Network..your option...if you really wanted to load balance to two different switch fabrics this would work..if all to the same switch fabric, a 4 port vif keeps it simple which is easier to manage
The vFiler.pdf doc in the ontap guides has a lot of good info on multistore. I also have a simulator lab based class we give or can be used at your own pace. Send me an email and I can send you some of the basic labs to try out.
Good Morning Scott,
Would you be kind enough to also email me (Henry.pan@ironmountain.com) your good staff on Multistore and VIFs as well?
Thanks & Good w/e
Henry
I also have the DOT 7.3 Mutistore Management Guide
Sent to both of you..2 PDFs. Also try to get to the EMEA Insight conference this fall and we should have an updated class ready to go.
I have another question please:
I want to ensure that snapmirror replication traffic for each vfiler uses the default gateway for the ipspace in which the vfiler resides – I do not want all customer (vfilers) volume replication to go via the default gateway of vfiler0. Is this possible?
Setup the relationship with the vFiler as the source of the mirror and as long as the interface in the vFiler is reachable by the target mirror, all good.. Set snapmirror.access and mirror direct from the vFiler.
If using vfiler dr we have to use vfiler0.. Otherwise you can mirror from the vFiler... And snapmanager products also work from the vfiler.. From the prior httpd.admin.enable on in each vfiler for smvi to work.
Typos Sent on Blackberry Wireless
Yes on multiple interfaces. But if you want load balancing you might want to have 2 active/acive ifgrps (vifs) then load balance the IPs across both vifs. Then decide whether you will use vlans for further separation of traffic or aliases on the same physical links.
For SRM, the NetApp SRA adapter is certified to work with MultiStore and each vFiler is treated like a storage array.
Can volumes etc be added to a vfiler once the vfiler is up and running in production – On P37 of the DOT 7.3 Mutistore Mgmt Guide it states “When resources are being moved, all network connections to the vFiler units are terminated” – This is a worry as I cannot disrupt service if I want to add extra storage etc?????

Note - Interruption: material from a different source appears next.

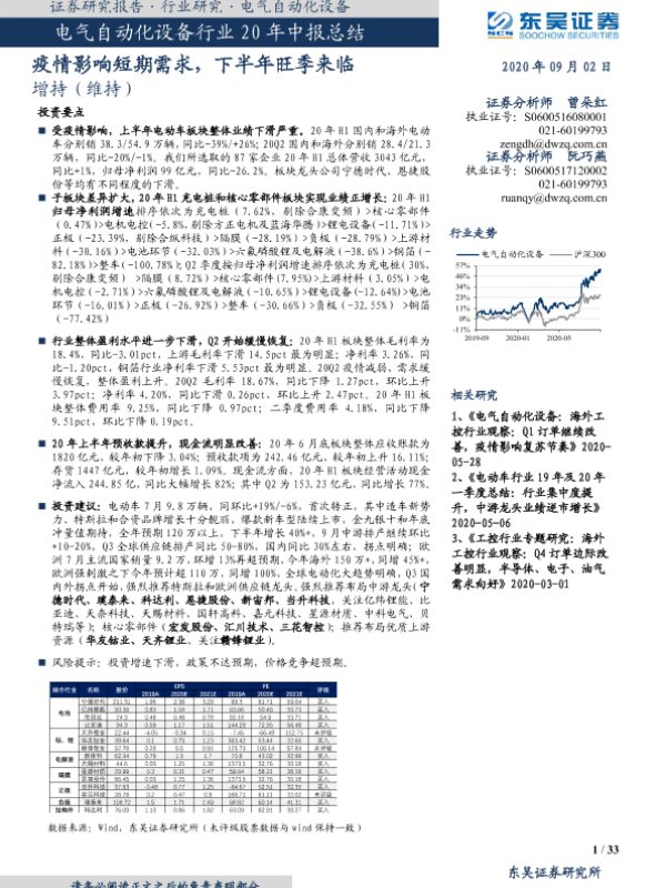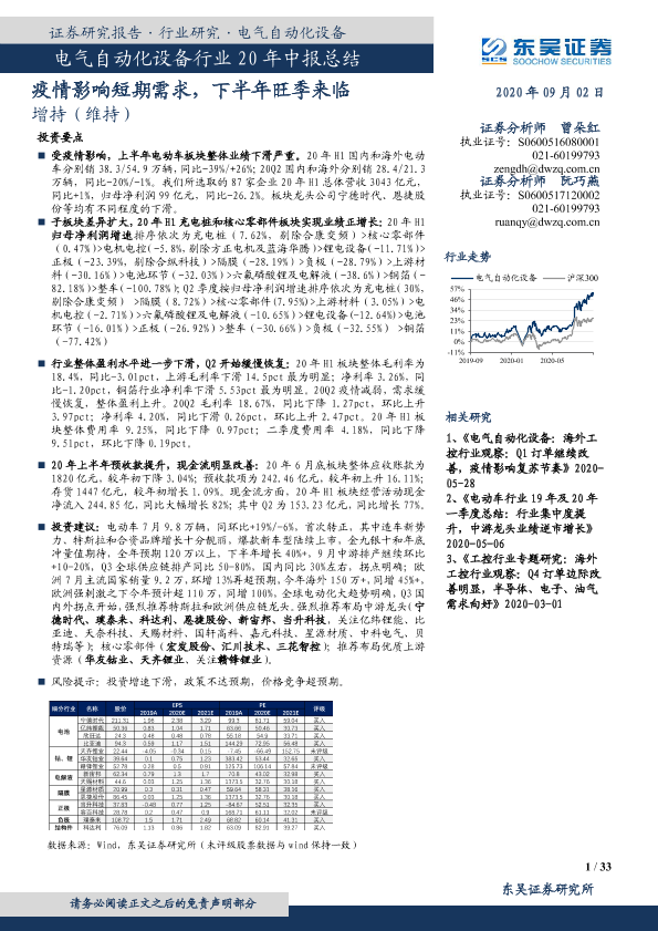 【东吴证券】【20200902】电气自动化设备行业20年中报总结:疫情影响短期需求,下半年旺季来临-33页

This only applies during a vfiler migrate or data motion when the vfiler is moving between 2 different controllers. You can absolutely add volumes and IP addresses to vfilers (and remove them too).. then if vfiler dr is running, just update with dr resync to get the new volumes (you have to activate the dr vfiler to add ips, then resync).
Nice one
About security. If every vFilers manages its VLANs, this situation creates security hole in case of sharing a few physical Ethernet interfaces with a few vFilers. How NetApp handle it?
Ipspaces keep interfaces in their own Routing space. Even sharing an interface you can have each vlan in its own Ipspace separating traffic at both vlan and routing table.
Sent from my iPhone 4S
Sorry I do not understand what you are meaning. Maybe it is because of my poor English.
Because "you can have each vlan" it is not enough. I mean that one organization which manages one vFiler can configure the same VLAN(s) as second vFiler and potentially will have opportunity to steal sensitive data. And so on... The security of whole system will be equal to the most insecure vFiler. For example a vFiler with the worst security can be hacked and through it all others vFiler can be hacked too (including vFiler0).
How to avoid security compromising vFilers in case they can configure VLANs for themselves?
I mean that one organization which manages one vFiler can configure the same VLAN(s) as second vFiler and potentially will have opportunity to steal sensitive data.
vFilers are managed through vfiler0. There is no way administrator who has access only to vfiler != vfiler0 can add additional interfaces to this vfiler. It has to be done through vfiler0.
And yes, you have to trust whoever manages vfiler0. Just as you have to trust your cloud provider, your hosting provider and dozens of other providers whose services you use everyday.